Last week we returned to Ullanor, where the Emperor’s decision to name Horus as Warmaster was the first step towards the Heresy… or was it? The seeds of Horus’ fall were actually sown some 60 years before, on a backwater world called Davin.
The humans of Davin had evolved a warrior culture over the millennia, forming into lodges that venerated the predatory beasts which roamed the plains. Unknown to the secular Imperium, they were also in thrall to the Dark Gods of Chaos. The Luna Wolves and Word Bearers brought the planet to Imperial compliance, so thoroughly outclassing the warriors of the lodges that they quickly surrendered. The Luna Wolves moved on, but the Word Bearers remained to bring the Imperial Truth to the Davinites. As they taught, they learned, and the Legion adopted the fraternal ideas behind the lodges.
As the Great Crusade continued, the Word Bearers spread these lodges to other Legions. As Lorgar and his sons became corrupted by the Ruinous Powers, so too did the lodges, spreading seeds of treachery that would later bear bitter fruit, as Horus Heresy author Graham McNeill explains.
Graham: “It all comes back to Erebus and the lodges, right?

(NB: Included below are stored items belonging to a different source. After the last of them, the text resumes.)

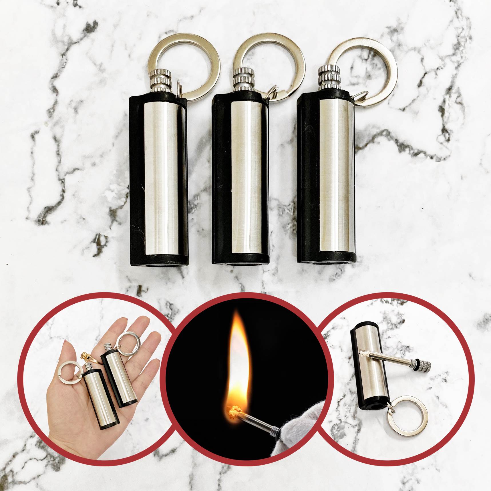 ✨Hột quẹt bật lửa móc khóa diêm xăng sinh tồn hình Trụ Tròn - xài xăng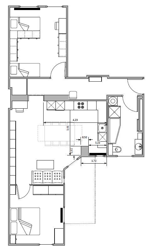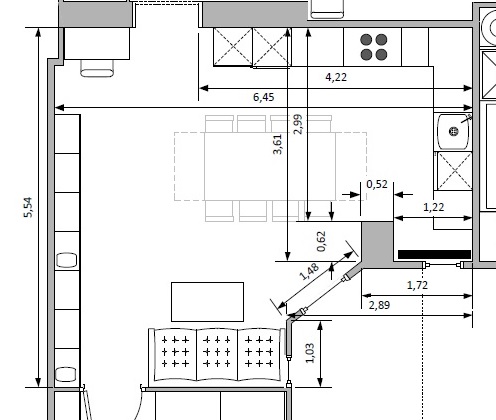 der schwarze Strich ist ein Heizkörper, na aktuellster Planung wird der aber verlegt und steht dann der Küche nicht mehr im Wege.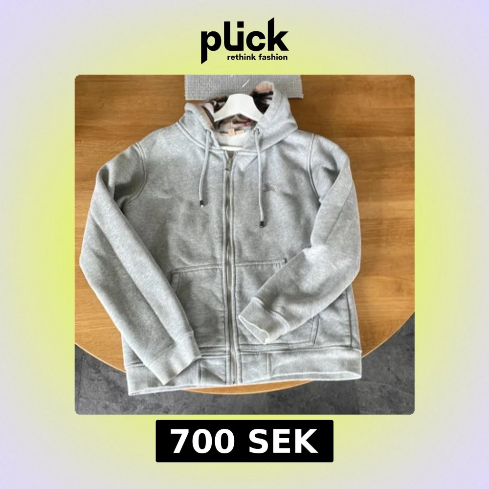 Säljer en stilren grå hoodie från Burberry med dragkedja och broderad logga på bröstet. Insidan av huvan har det klassiska Burberry-rutiga mönstret. Perfekt för en avslappnad och trendig look.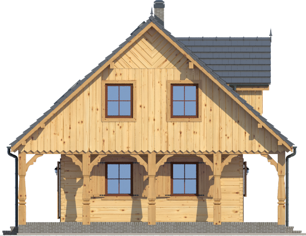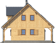 Wysokość ścianki kolankowej: 0.77 m. Ilość drewna na więźbę: 11.9 m³. Strop: drewniany. Pokrycie dachu: dachówka ceramiczna. Ściany zewnętrzne: płazy drewniane + wełna mineralna + deska. Ściany wewnętrzne: płazy drewniane. Typ ogrzewania: elektryczne akumulacyjne + kominkowe.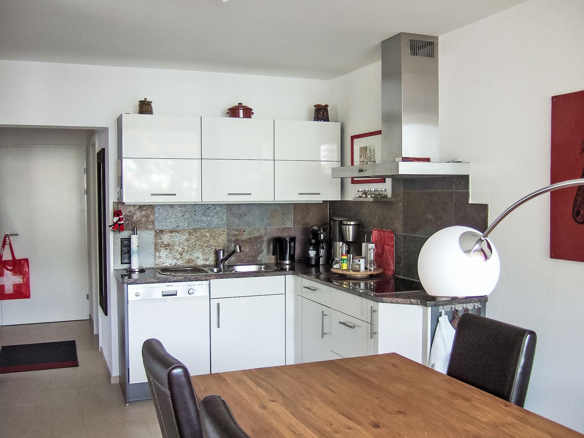 "Promenade Wohnung 21", 2-room apartment 75 m2 on 2nd floor, south-west facing position. Spacious and bright, very beautiful and luxurious furnishings: living/dining room with 1 sofabed and cable TV (flat screen), radio, CD-player, DVD and fan. Exit to the balcony. 1 room with 1 double bed (2 x 90 cm). Open kitchen (oven, dishwasher, 4 ceramic glass hob hotplates, microwave, freezer, electric coffee machine, Capsules for coffee machine (Nespresso) extra). Shower/WC, double hand-basin. Heating. Natural stone floors. Balcony 15 m2, south facing position and west facing position. Balcony furniture. View of the mountains and the resort. Facilities: Internet (WiFi, free). Garage space n 14. Please note: apartment street side. Non-smokers only. 13856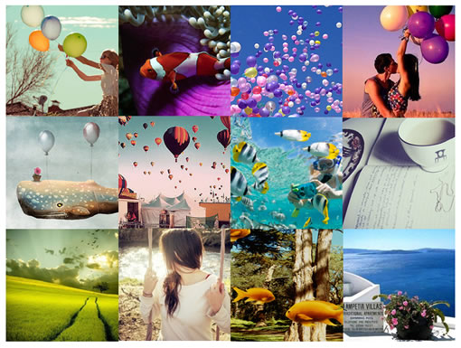 接下来通过与感性的关键词出发从生活场景中去寻找相关的图片,代表丰富,轻松,娱乐。漂浮的五彩气球,自由的鱼群,天空草地,盛放的花朵,从这些自然的生命中找到了相应的契合点,通过收集的图片,品牌组同学进行了一次头脑风暴,大家随心所欲的画下心中想象的元素和图形,一次轻松有趣的散发过程结束后再进行统一的整理和分析。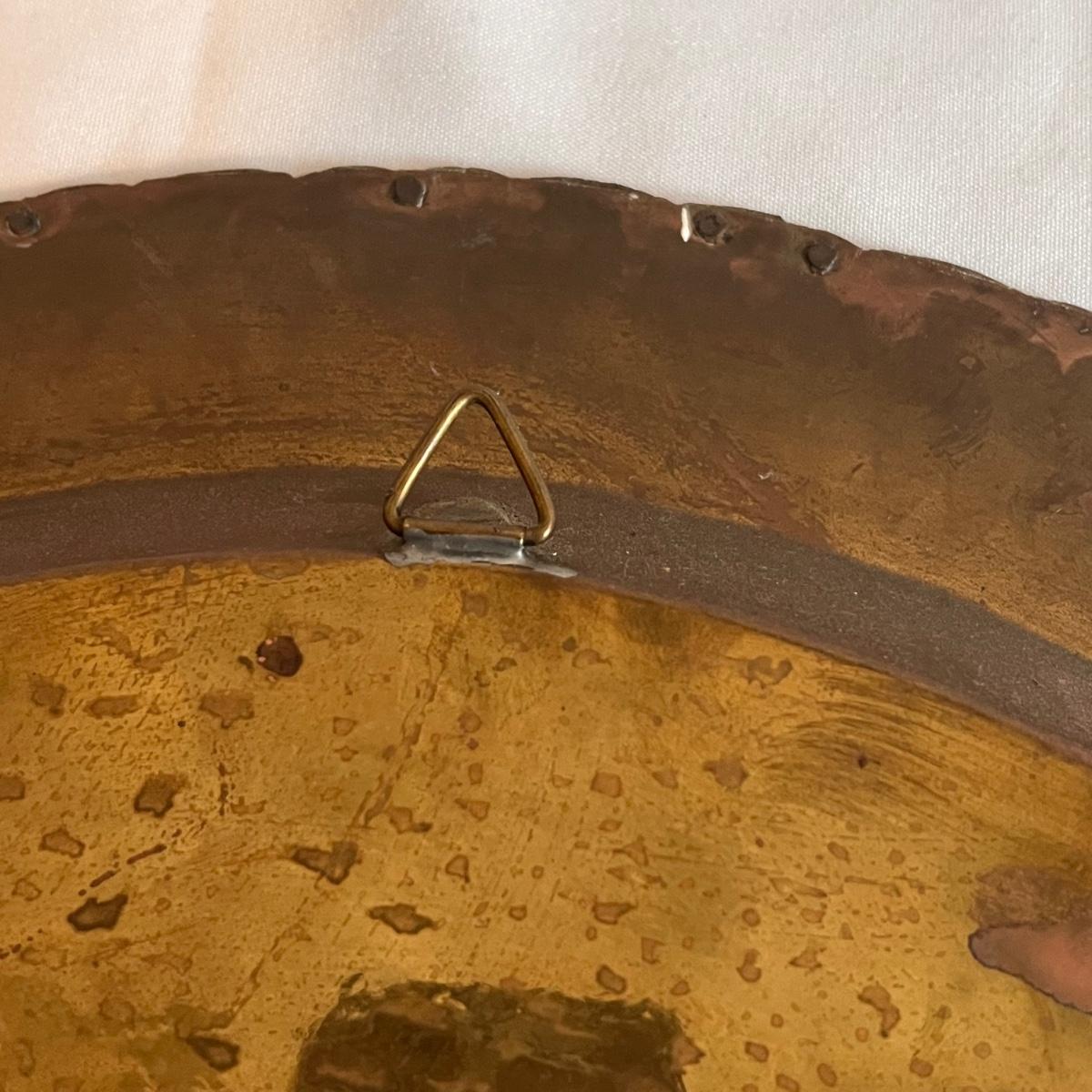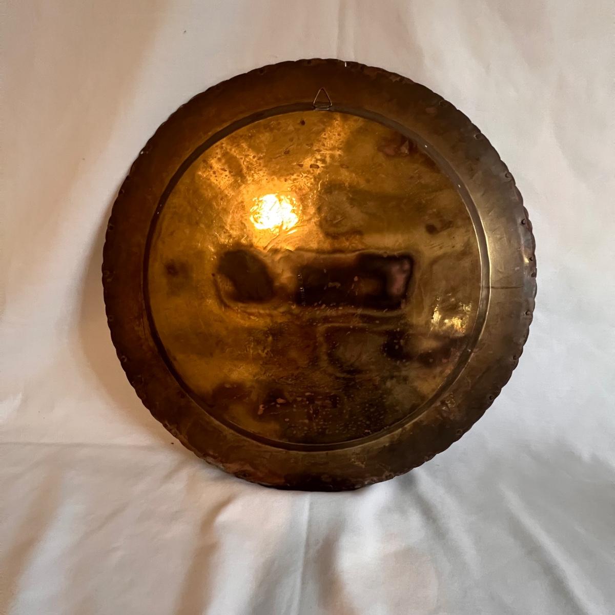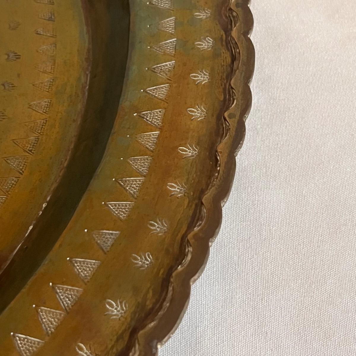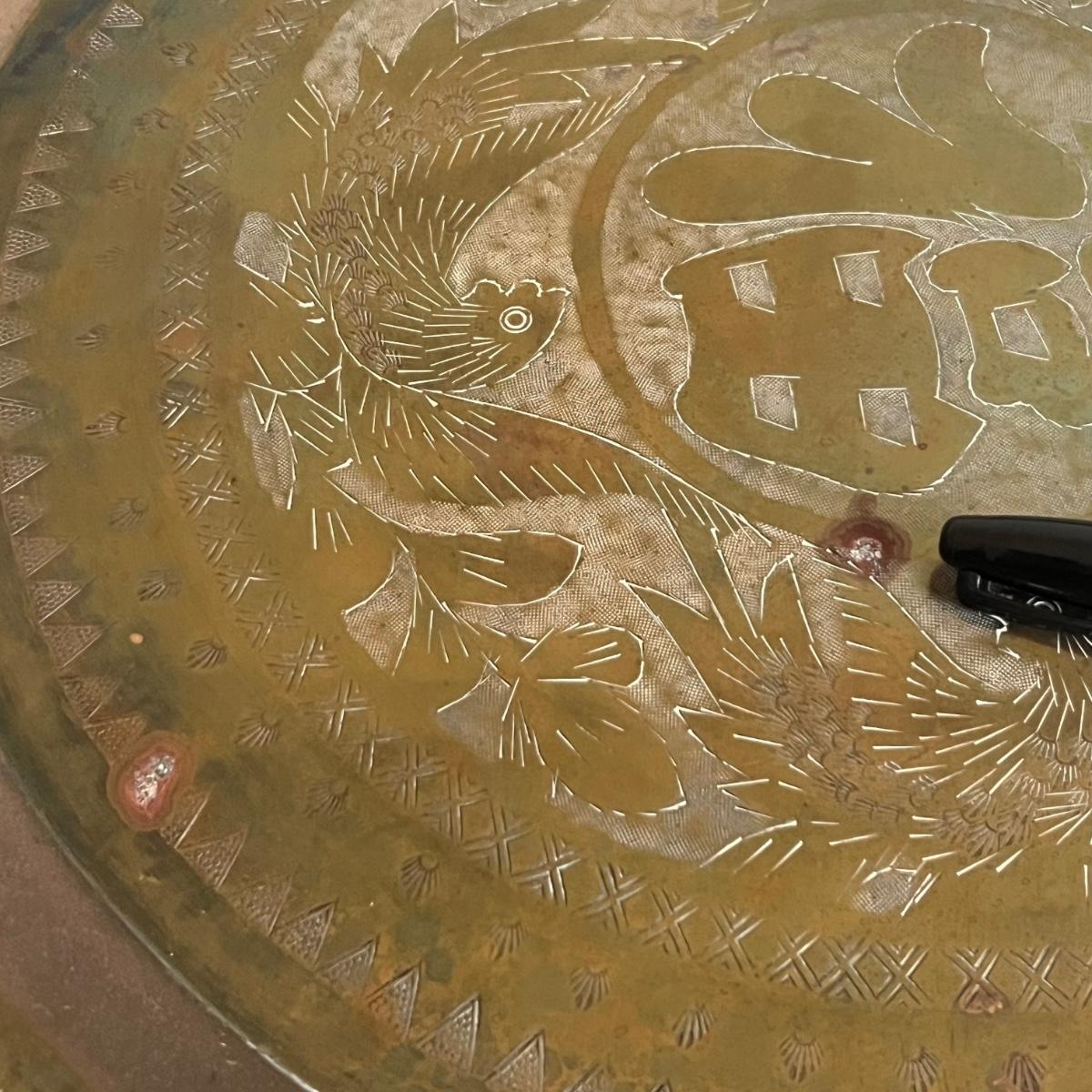 This large brass plate has hardware to hang if desired. It features what appears to be engraved birds and the plate has a scalloped rim. Three red spots of tarnish are shown in pics. Measures 18”D x 1”H.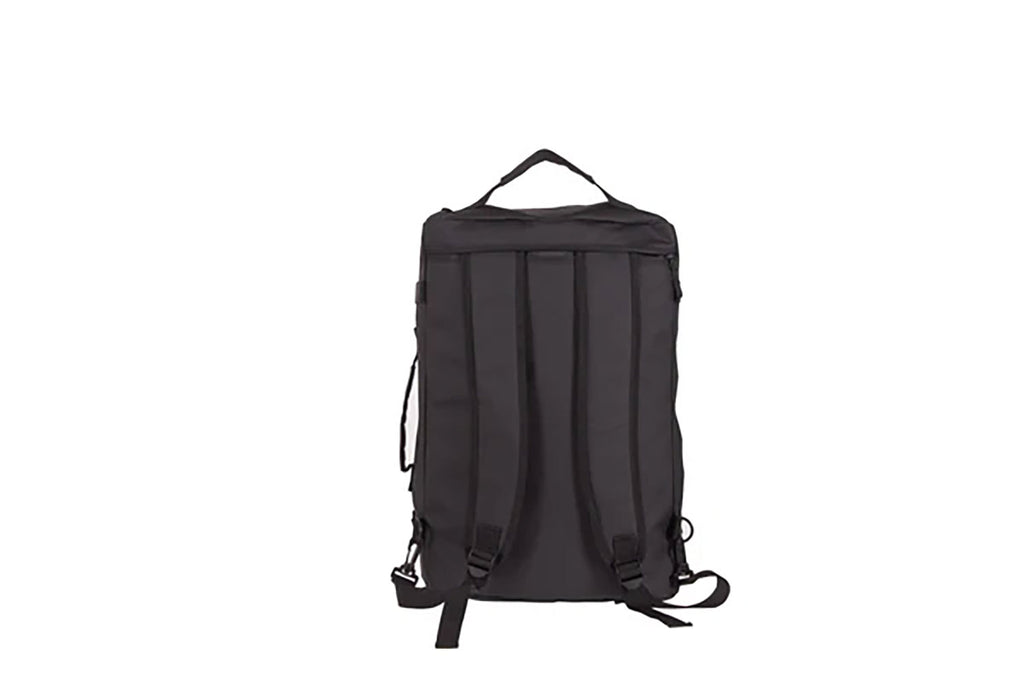 Zaino/Borsone tempo libero in materiale waterproof, doppia tasca frontale, scomparto separato porta scarpe. Maniglia superiore e laterale, spallacci imbottiti e regolabili, ampia apertura laterale tipo "valigia".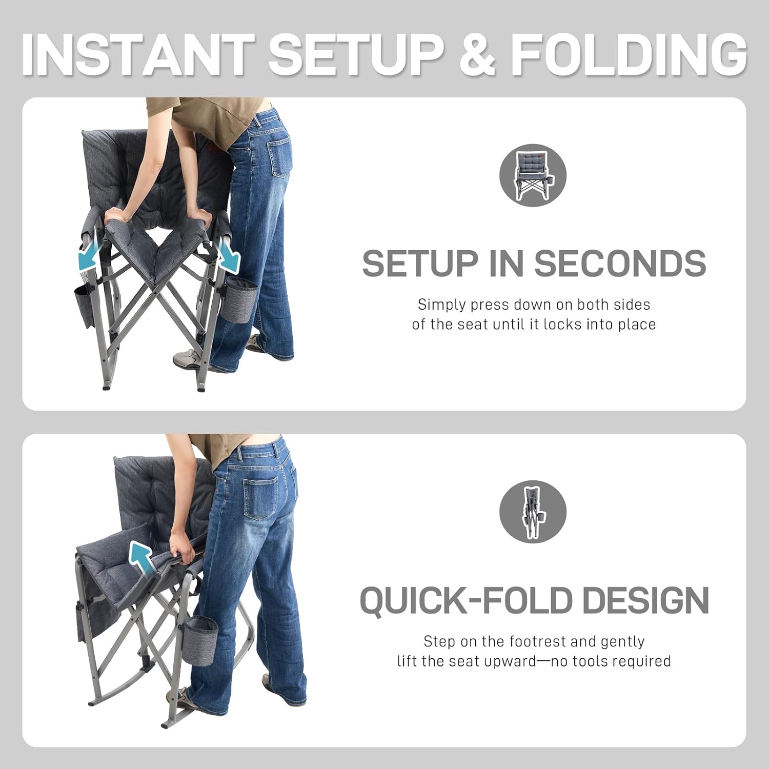 OVERSIZED DIMENSIONS: The portable rocking chair measures 26.8″L x 4.9″W x 36.1″H when folded and 27″D x 24.4″W x 36.1″H when open, with a seat height of 17.7″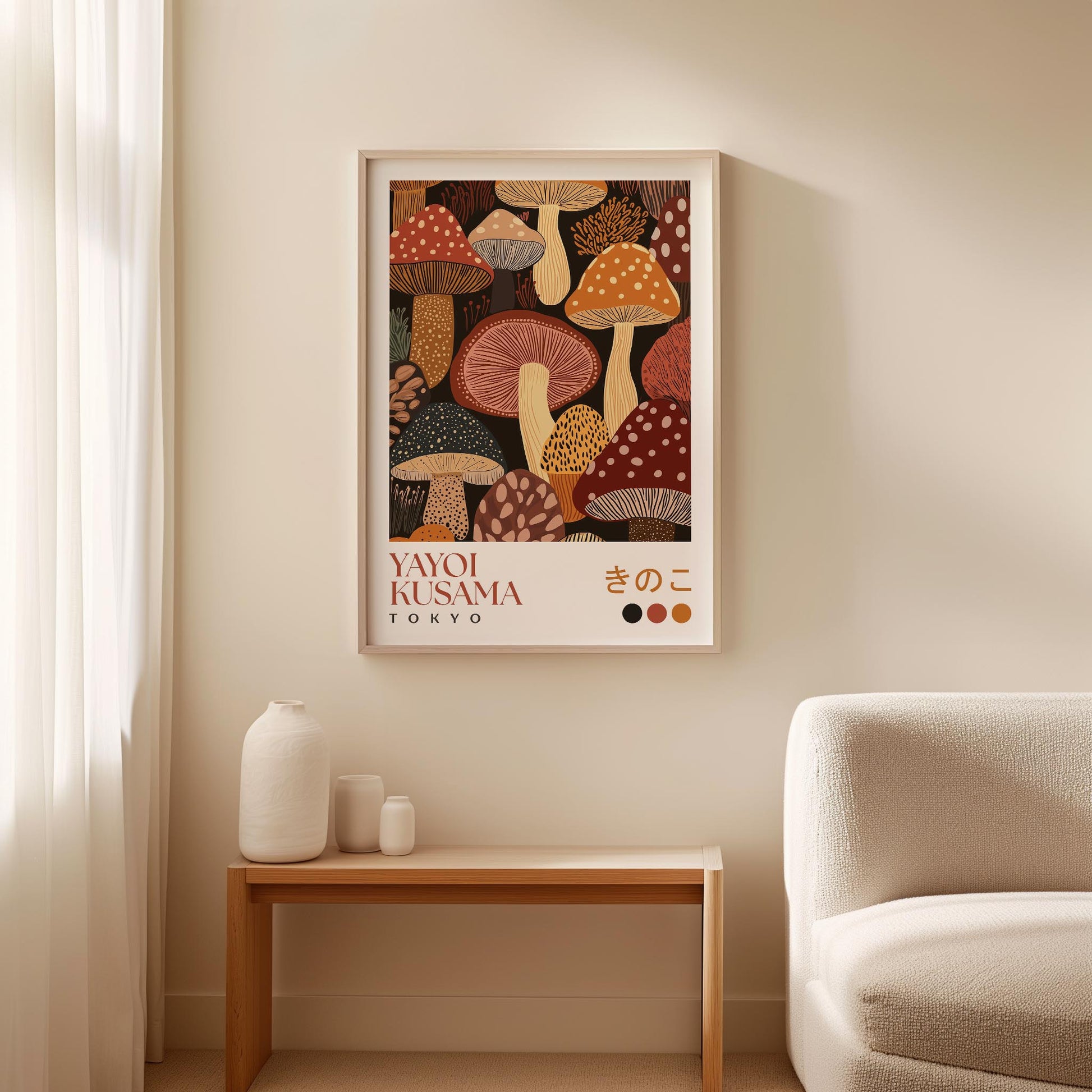 Bold Japanese wall art featuring an enchanting variety of mushrooms in warm autumn tones. This Yayoi Kusama inspired print brings her iconic polka dot patterns to a whimsical forest scene, with rich browns, burnt oranges, and earthy reds against a dark background. A striking piece that adds warmth and artistic character to living rooms, bedrooms, or any space celebrating nature and modern Japanese art.

They're one of those things that, on the surface, are nothing new in warrior cultures, but they were the first rot in the heartwood that eventually toppled the mightiest oaks."
Some time after Ullanor, Erebus of the Word Bearers, by now a high priest of the Dark Gods, requested the new Warmaster’s aid on Davin. The Imperial governor had rebelled, fleeing to the planet’s moon. Horus personally led the assault against the traitor and his fate was sealed. On a rotted and pestilent moon, Horus was struck down by a tainted blade wielded by the traitorous governor, now in thrall to the plague god Nurgle. This blade – the Anathame – used warp magic to penetrate the Warmaster’s defences and poison him, despite his formidable primarch physiology.
Desperate to save their genesire by any means possible, the Sons of Horus took their primarch back to Davin on Erebus’ advice, interring him within the temple of the Serpent Lodge, where the corrupted Word Bearer led sinister rituals that started Horus down his dark path.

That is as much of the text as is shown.